The National Safety Council reports that in simulated driving tests, drivers who were asked to carry on a cell phone conversation were so distracted that they were unaware of some traffic signals.
The study compared phone conversations to other related activities such as listening to audio books and news radio, stating that these types of activities are less emotionally engaging, hence safer to do while driving. The more emotionally engaged the subject, the study found, the less attentive he or she was to safety signals.
Digging a little deeper, the results were unaffected by whether the subject manually held the phone or if the mechanism was hands free. This means that even if you’re following the law by using a hands-free device, you may still find yourself in a situation where you’re unable to react quickly enough to a dangerous situation.
How Adults Can Help
As with many major issues, addressing distracted driving starts at home. Parents can make a major impact on the driving habits of their children, especially if they have teenagers with little experience on the road.

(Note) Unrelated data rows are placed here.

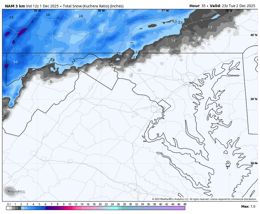 Same thoughts I have. I'm not confident I'll reach 2" but .5"-2" seems reasonable. The last minute north trend on models has begun, at least on some modeling. -
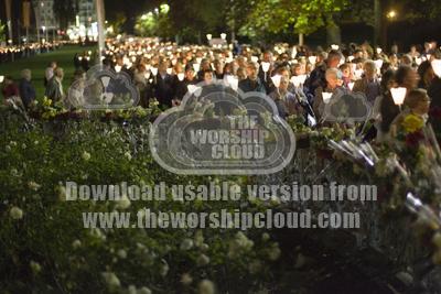 • Pilgrims in candlelight procession on rainy evening, Lourdes, Fr
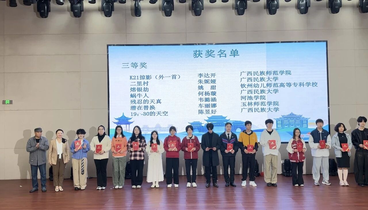 据悉,本次大赛是由广西民族大学、广西作家协会主办。大赛主题、题材不限,自2025年3月27日启动,7月8日截稿,共有全区35所高校参与比赛,收到参赛稿件共三千余篇(首)。经东西、凡一平、张柱林、陈爱中、小昌等评委老师严谨认真的评审,最终产生一等奖2篇,二等奖6篇,三等奖15篇和优秀奖20篇,共计43篇获奖作品。

This can start by simply leading by example. Your children are watching your every move — even when it comes to driving. Are you constantly distracted by incoming phone calls, text messages or emails? Do you occasionally break the law by sending a text message or answering your phone while driving?
These behaviors might seem minor to you, but you’re setting a pattern of behavior that could be followed by your children. You can lead by example by ignoring incoming phone alerts. Tell your children that you just received a text, but you’re waiting until you reach your destination to check and reply to it.
Talk About the Issue
When you see a story in the news covering the topic of a teenager’s death due to distracted driving, don’t change the channel. Call in your children to talk about what happened. How could the accident have been avoided? What actions might the victim have been able to take to keep safer on the road?
Honest dialogue about what kind of damage distracted driving can cause is the first step to stemming the behavior. Who knows, the next time your children think about checking their texts while driving, they may just remember your words of wisdom and choose to wait until they safely reach their destination.
Teach Defensive Driving
Not every victim of an accident caused by distracted driving is the one actually answering a phone call or sending a text. That’s why it’s important to teach your children to be heads-up drivers.
Watch for oncoming traffic at all times, especially at intersections or on hilly, rural roads. Teach your young drivers to trust only themselves on the road and to be ready for others who may not be paying attention.